This Count Thierry, like all the feudal lords, took advantage
of his position to establish and levy certain duties on all the
vessels which sailed past his territory, dispossessing in the
meantime some vassals of the church, and beating, as we have
stated, the bishop of Utrecht himself. Complaints and appeals
without number were laid at the foot of the imperial throne.
Godfrey of Eenham, whom the emperor had created duke of Lower
Lorraine, was commanded to call the whole country to arms. The
bishop of Liege, though actually dying, put himself at the head
of the expedition, to revenge his brother prelate, and punish
the audacious spoiler of the church property. But Thierry and
his fierce Frisons took Godfrey prisoner, and cut his army in
pieces. The victor had the good sense and moderation to spare
his prisoners, and set them free without ransom.

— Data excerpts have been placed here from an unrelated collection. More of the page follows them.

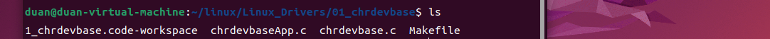 并新建 一个chrdevbase.c 文件,完成以后 1_chrdevbase目录中的文件如下图所示: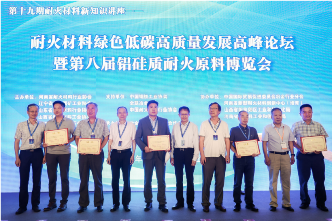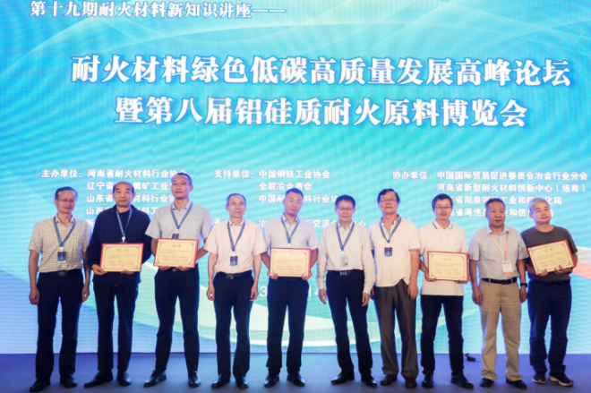 會議公告了第八屆鋁硅質耐火原料金獎43個、設備推薦獎16個。其中,優質焦寶石--山耐集團;致密剛玉--河南三耐;特級高鋁礬土熟料--貴州博通;電熔尖晶石--開封市高達;高效脫模劑Leegent系列產品--武漢善達;礬土均質料--山西孝義鎂鋁;煤系煅燒高嶺土--山西超牌;電卡牌純鋁酸鈣結合劑--河南和成;優質白剛玉--鄭州玉發;莫來石均質料--陽泉金隅通達;莫來石均質料--河南安培;高鋁礬土熟料--新密市久隆;高溫隧道窯--河北北方窯業;燃氣環保節能循環干燥窯--江蘇華榮達;全自動布料機--遼寧嘉華;“元和牌”全自動液壓機--淄博元和;混合造粒設備--青島森泰科;X熒光光譜儀--江蘇天瑞;耐火材料智能生產轉運系統--鄭州慧業;耐火材料智能混配料系統--鄭州紐路普公司設備(技術)公司20家企業代表獲獎單位在臺上領獎(排名不分先后)。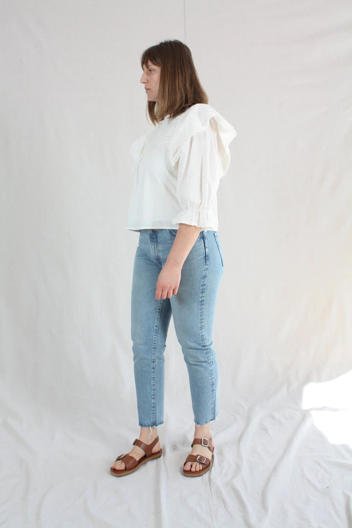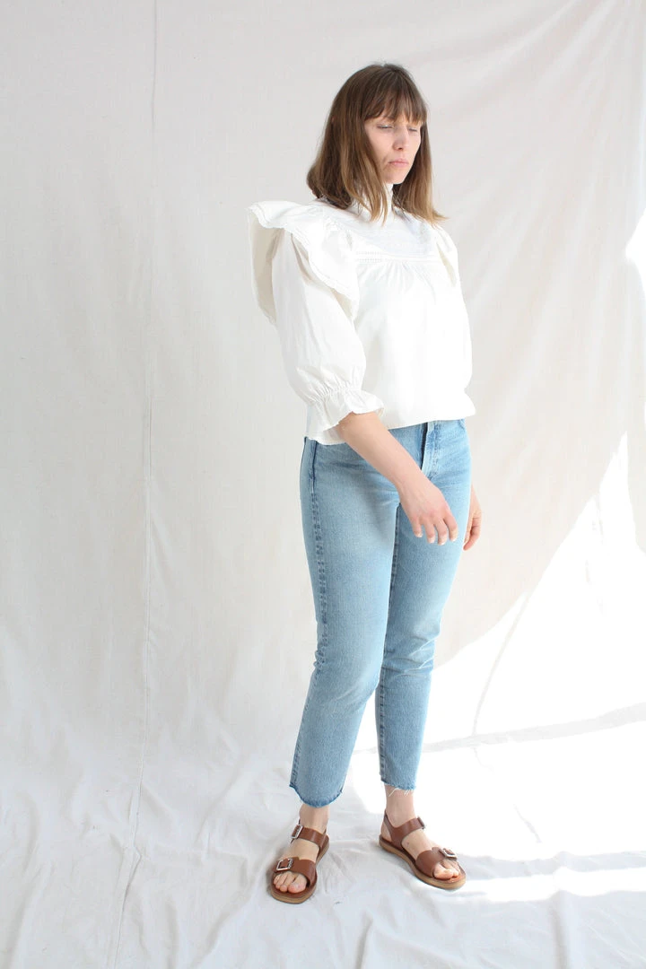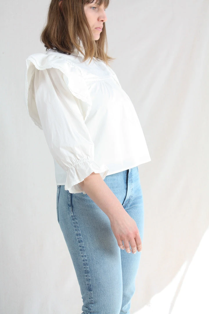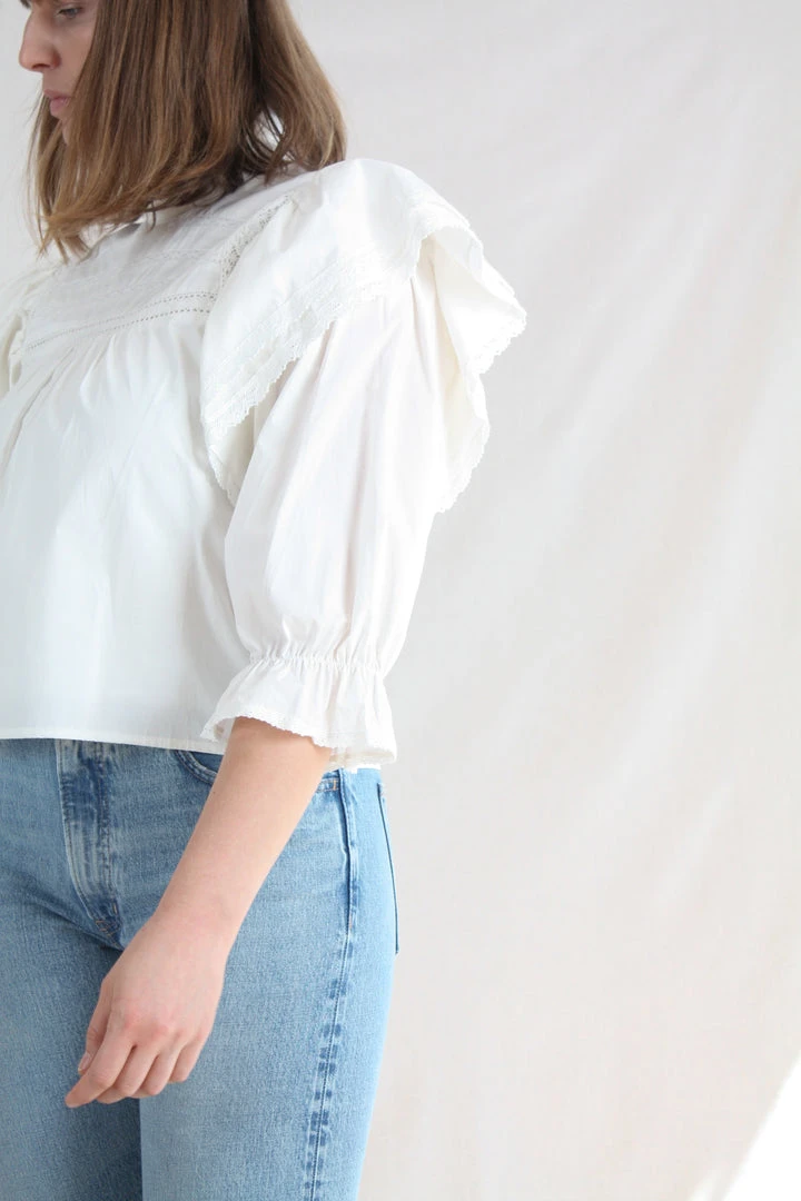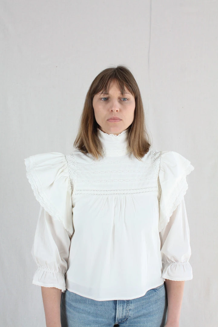 Straight cut shirt with a high pleated neck fastened with a button at the back. With 3/4 length sleeves and an elasticated cuff. With lace detailing throughout.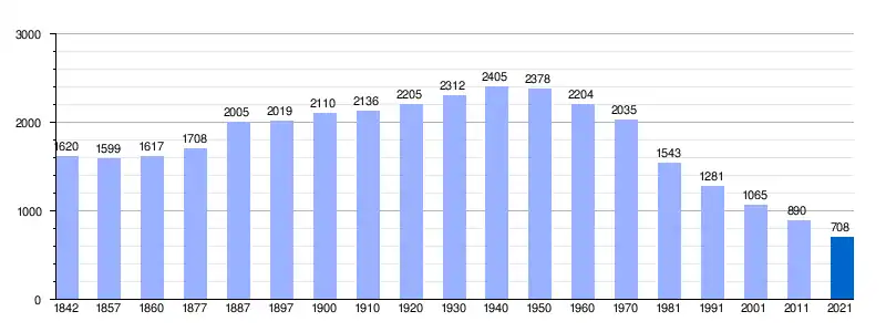 Población de derecho (1842-1991, excepto 1857 y 1860 que es población de hecho) o población residente (2001-2011) según los Censos de Población desde 1842. Población según el padrón municipal de 2021 del INE. |

He received
in return an imperial amnesty; and from that period the count
of Holland and his posterity formed a barrier against which the
ecclesiastical power and the remains of the imperial supremacy
continually struggled, to be only shattered in each new assault.
John Egmont, an old chronicler, says that the counts of Holland
were "a sword in the flanks of the bishops of Utrecht."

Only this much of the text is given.